The reason Chery Automobile can proudly declare that despite the challenging automotive market, opportunities still exist is essentially because, in a global context, it does not need to be confined to a single market to compete solely on price.
Many other automakers share the same logic as Chery or aspire to achieve similar results.
However, in the latest discussion about the EU canceling tariffs, the statement that "China can commit to providing electric vehicles to the EU at the lowest possible prices" is expected to have a chain reaction on China's automotive market and car prices in 2025.
For example, according to an official announcement in May this year, BYD's entry-level model, the Seagull, is expected to be launched in Europe in 2025. This news has put significant pressure on other European automakers.
Given the then-current tariff rates and meeting European standards, BYD executives expected the European price of the Seagull to be below 20,000 euros. The European market price of the Seagull is almost double its domestic price. However, despite the price doubling, the BYD Seagull still has a price advantage compared to local small electric vehicles in Europe.
Compared to models like Renault in the European market that offer similar configurations, the Seagull is still thousands of euros more expensive. However, a new mandatory pricing system may be introduced, which means that the price competitiveness of the Seagull will decrease, and on the other hand, its originally planned sales target will need to be adjusted downward due to the price increase.
Therefore, without the combination of a low price and large-scale production, the profit generated will also decrease. In other words, as automakers aim for a global strategy, with decreasing revenue, the difficulty of reigniting a price war in the most competitive domestic market will increase, and the intensity of such a war will decrease.
After all, having aces and bullets up one's sleeve is the key to long-term competition.

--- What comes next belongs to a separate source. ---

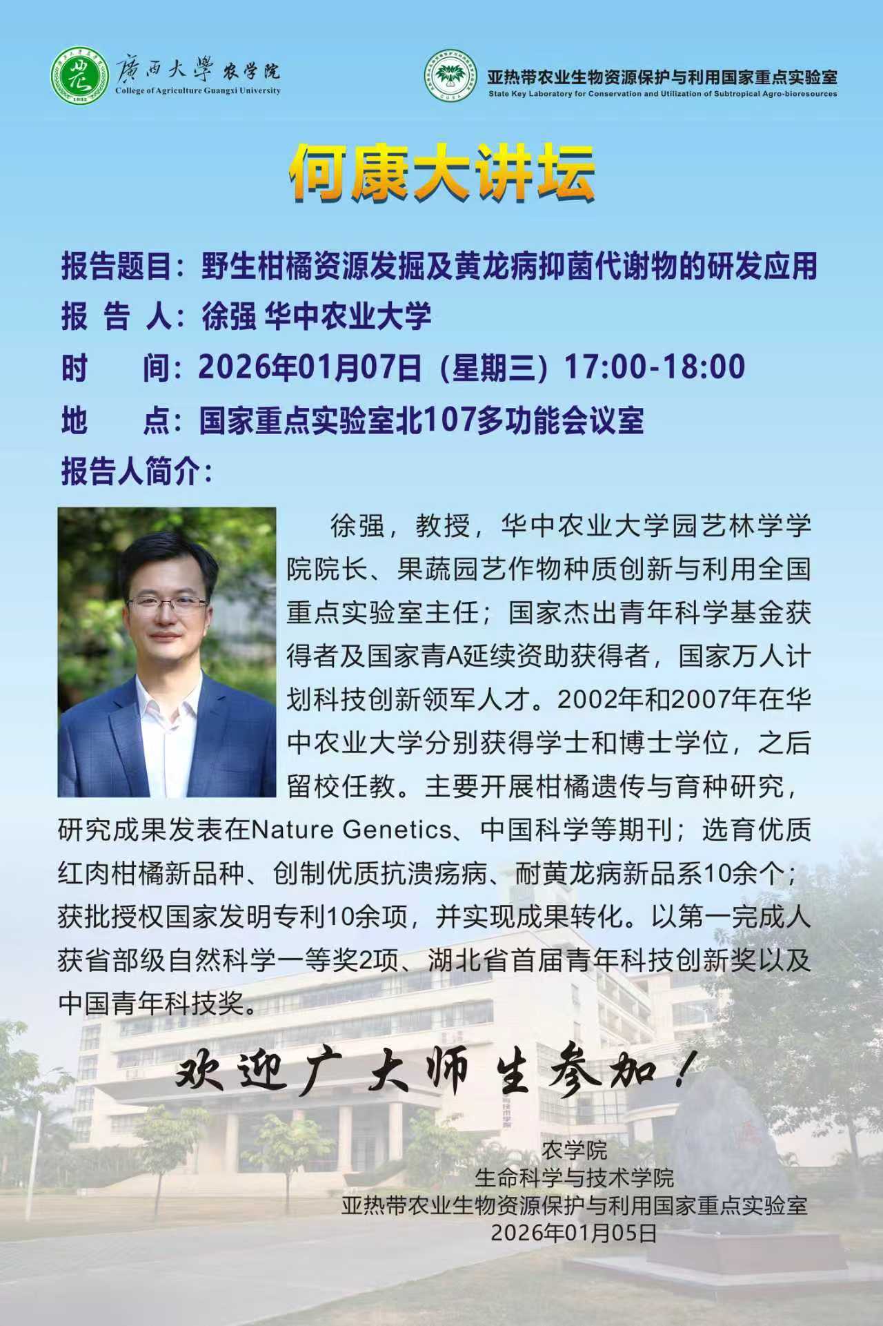 何康大讲坛:野生柑橘资源发掘及黄龙病抑菌代谢物的研发应用(徐强 教授)

In fact, since the second half of 2024, as the global automotive consumption scale begins to shrink, we can see around us that more and more price wars are following subsidy policies such as trade-ins, far removed from the direct capital injections by automakers to intensify price wars and price reductions in 2023.
Final Thoughts
There are many typical examples. For instance, in the latest financial report of XPeng Motors, the best-selling low-priced XPeng MONA M03 did significantly increase sales figures but also directly lowered the overall average transaction price, without yielding good profit data. It still relies on high-profit models like XPeng P7+ with outstanding intelligent driving technology advantages to achieve loss prevention and even subsequent profitability.
The overall situation is largely set. The next point of contention between China and Europe in terms of tariffs will undoubtedly be round after round of negotiations on the "minimum selling price of Chinese electric vehicles," which will simultaneously affect whether Chinese and European consumers will be caught in a new round of intense price wars, making it an unavoidable primary issue.